Where the records below reach the line containing "Das ikonische Design", start transcribing, and end with the line containing "江苏金马国际赛鸽俱乐部已成功", exactly and with nothing else added.

> [Provided data]
+-------+

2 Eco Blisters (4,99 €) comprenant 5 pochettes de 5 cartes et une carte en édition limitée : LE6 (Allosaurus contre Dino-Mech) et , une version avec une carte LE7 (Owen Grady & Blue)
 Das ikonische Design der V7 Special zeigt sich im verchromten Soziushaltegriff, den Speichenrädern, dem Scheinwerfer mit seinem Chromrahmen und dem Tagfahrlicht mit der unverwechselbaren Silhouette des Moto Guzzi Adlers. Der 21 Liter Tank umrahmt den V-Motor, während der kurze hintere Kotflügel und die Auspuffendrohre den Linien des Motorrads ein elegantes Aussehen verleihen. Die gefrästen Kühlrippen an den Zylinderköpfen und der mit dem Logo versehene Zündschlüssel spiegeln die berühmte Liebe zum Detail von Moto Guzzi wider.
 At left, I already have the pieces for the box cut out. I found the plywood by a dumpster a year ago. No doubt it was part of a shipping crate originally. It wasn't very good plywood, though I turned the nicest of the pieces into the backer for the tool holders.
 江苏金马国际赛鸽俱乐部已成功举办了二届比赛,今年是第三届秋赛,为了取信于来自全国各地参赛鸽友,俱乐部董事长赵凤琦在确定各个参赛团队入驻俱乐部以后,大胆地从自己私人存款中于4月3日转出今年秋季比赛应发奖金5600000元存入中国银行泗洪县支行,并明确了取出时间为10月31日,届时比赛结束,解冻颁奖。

+-------+

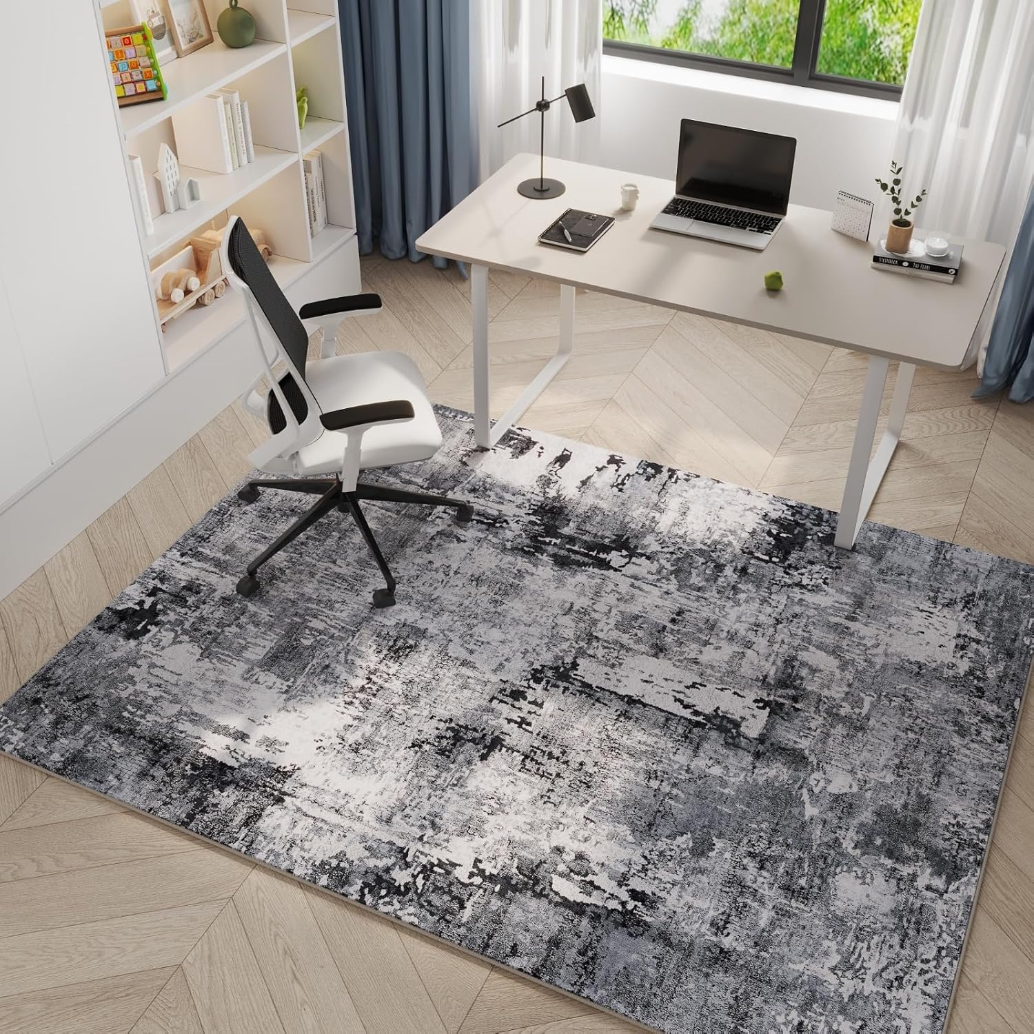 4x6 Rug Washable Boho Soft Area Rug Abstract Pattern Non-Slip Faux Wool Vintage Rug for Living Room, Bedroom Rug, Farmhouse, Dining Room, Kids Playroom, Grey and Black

+-------+

> [Solution to the problem]
 Das ikonische Design der V7 Special zeigt sich im verchromten Soziushaltegriff, den Speichenrädern, dem Scheinwerfer mit seinem Chromrahmen und dem Tagfahrlicht mit der unverwechselbaren Silhouette des Moto Guzzi Adlers. Der 21 Liter Tank umrahmt den V-Motor, während der kurze hintere Kotflügel und die Auspuffendrohre den Linien des Motorrads ein elegantes Aussehen verleihen. Die gefrästen Kühlrippen an den Zylinderköpfen und der mit dem Logo versehene Zündschlüssel spiegeln die berühmte Liebe zum Detail von Moto Guzzi wider.
 At left, I already have the pieces for the box cut out. I found the plywood by a dumpster a year ago. No doubt it was part of a shipping crate originally. It wasn't very good plywood, though I turned the nicest of the pieces into the backer for the tool holders.
 江苏金马国际赛鸽俱乐部已成功举办了二届比赛,今年是第三届秋赛,为了取信于来自全国各地参赛鸽友,俱乐部董事长赵凤琦在确定各个参赛团队入驻俱乐部以后,大胆地从自己私人存款中于4月3日转出今年秋季比赛应发奖金5600000元存入中国银行泗洪县支行,并明确了取出时间为10月31日,届时比赛结束,解冻颁奖。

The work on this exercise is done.